2011. június 12., vasárnap

Dynamic Arrays


Problem/Question/Abstract:

Dynamic Arrays overview

Answer:

The Long and Winding Way of the Dynamic Array

Dynamic arrays were introduced to Object Pascal in Delphi 4. It was, however, not the first attempt of the Pascal/Delphi team to evolve the static array of Wirth's original Pascal.

Before going any further, let's first clarify some terminology. The terms "static" and "dynamic" are now applied at least four ways:

For arrays whose boundaries may vary (dynamic), versus arrays with constant boundaries (static).
For the methods of assigning memory to the variables: Either their relative addresses are known at compile time (static), or the addresses are assigned by the system at run time (dynamic). Correspondingly, there are two methods of memory allocation: on the stack (static), or on the heap (dynamic).
There are two methods referring to variables: either directly by their names (static), with one-to-one correspondence between a variable and its instance in memory; or indirectly via pointers (dynamic) where a variable and its instance are not the same.
Methods in the class declaration may be either static or virtual/dynamic.

This article follows the evolution of the "dynamic" concept with regard to arrays only. We will analyze its particularities for all array types appearing in Borland's Object Pascal. In addition to the standard arrays (static), there are now three more types in the family of arrays: open, variant, and dynamic. Why so many? Although it's beyond the scope of this article, we should also add to this list all the different types of strings in Delphi 4, which are a family of special character arrays whose diversity is even larger.

The Origin

The idea of dynamic arrays has a long history, beginning as early as ALGOL-60. In ALGOL-60, the syntax of array type looks similar to that of Pascal. For example, a declaration:

Real array A[M1: N1, M2: N2, M3: N3]

defines a 3D array of Real numbers. Only constants (integer numbers) are allowed as the array boundaries in the outermost block - just as in Pascal; in this case, the array is called static. But in the inner blocks of ALGOL-60, unlike Pascal, the boundaries may be variables (see Figure 1).

begin
  Real array A[1: 100, 0..10]; { Static array in ALGOL-60. }
  Integer M1, N1, M2, N2; { Variables. }
  { M1, N1, M2, N2 have to be defined. }
  ...
  begin
    Real array B[M1: N1, M2: N2]; { Dynamic array in ALGOL-60. }
    Real array C[1: 3, 1: 4]; { "Static" array in ALGOL-60. }
    ...
  end;
  ...
end
Figure 1: Variable boundaries in the inner blocks of ALGOL-60.

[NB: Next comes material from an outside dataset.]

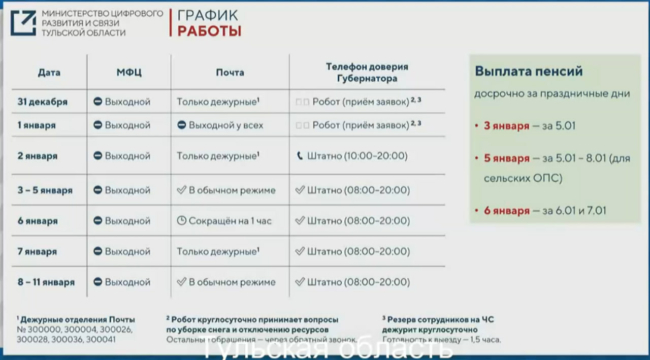 - 2 января — дежурные офисы;

In the inner blocks, the array boundaries could be any arithmetic expression with the only requirement that numeric values were assigned to all variables in the boundaries before entering the block. Therefore, beginning with ALGOL-60, the concept of a dynamic array means that its boundaries may vary during run time, while for static arrays only explicit numbers are allowed in the boundary expressions.

For arrays that are local variables (like arrays B and C in Figure 1), the memory was allocated when entering the block and released when leaving it. Because declarations of the variables local in a block could appear only in the beginning of that block, no complications with redefining dynamic arrays occurred, and obviously such arrays could not be kept till the next entrance in this block. Nevertheless, in ALGOL-60, one could use the specifier own for any local variable including dynamic arrays, which meant that, although the visibility of the concerned variables obeyed the rule of scope, their values were kept available after re-entering the block. According to the Revised Report on ALGOL-60, this persistency in case of dynamic arrays ought to be followed also for the subset of indexes that are valid for the current and previous versions of the own array, although specific compilers could limit or simplify that behavior.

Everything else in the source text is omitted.